There are many posts about XLConnect and reading excel files in R with XLConnect like How to read multiple excel sheets in R programming?, including rbind function, but no one answers this question:

If i had multiple excel .xls files in a directory how can i use a loop for reading and merging each one in order?

I have a directory so i do this:

 setwd("C:/Users/usuario/Desktop")
  library(rjava)
  library(XLConnect)

That directory has 28 excel files named like this:

 Bitacora_Metrocali_01_02_2014C
 Bitacora_Metrocali_02_02_2014C
         .    ...    ...
 Bitacora_Metrocali_28_02_2014C

So i need to merge them using the function: Merge(x,y,all=T)

So it can add new columns to the dataframe. The thig is, i need a dataframe that starts merging the first wht the second,and then adding all the new sheets in order. All excel files of interest are in sheet 1.

THX!

Community
  • 1
  • 1
JULIAN
  • 47
  • 1
  • 2
  • 7
  • I can read them, and merge too, i mean, one per one. But i have too many files. In the example i have 28, but there are more...for real. I need a loop to do that. Thx – JULIAN Mar 14 '14 at 02:48

2 Answers2

3

Does this work for you:

# This will give you a vector of the names of files in your current directory 
# (where I've assumed the directory contains only the files you want to read)
data.files = list.files()

# Read the first file
df = readWorksheetFromFile(file=data.files[1], sheet=1)
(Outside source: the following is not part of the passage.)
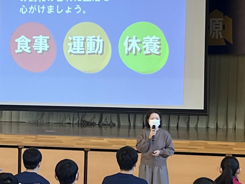 今回は、3年生。「受験期の健康と栄養 ~免疫力を高め、受験本番で力を発揮するために~」というテーマで話してもらいました。

# Loop through the remaining files and merge them to the existing data frame
for (file in data.files[-1]) {
    newFile = readWorksheetFromFile(file=file, sheet=1)
    df = merge(df, newFile, all=TRUE)
}
eipi10
  • 91,525
  • 24
  • 209
  • 285
  • It gets some as.posixct errors but that is cuz the excel file is so complex. Thx! I did with others and works. – JULIAN Mar 14 '14 at 21:07
2

Here's an lapply and Reduce approach I am using the the read.xls from gdata package, as you mentioned xls files. If it is xlsx instead, substitute read.xls with readWorksheetFromFile and load the appropriate libraries.

library(gdata)
data.files = list.files(pattern = "*.xls") #get list of files
data.to.merge <- lapply(files, read.xls) #read in files using lapply
merged.data <- Reduce(function(...) merge(..., all = T),data.to.merge)#merge all the files

The merged.data will have data from all the sheets, and will also handle the case of files with different headers.

infominer
  • 1,981
  • 13
  • 17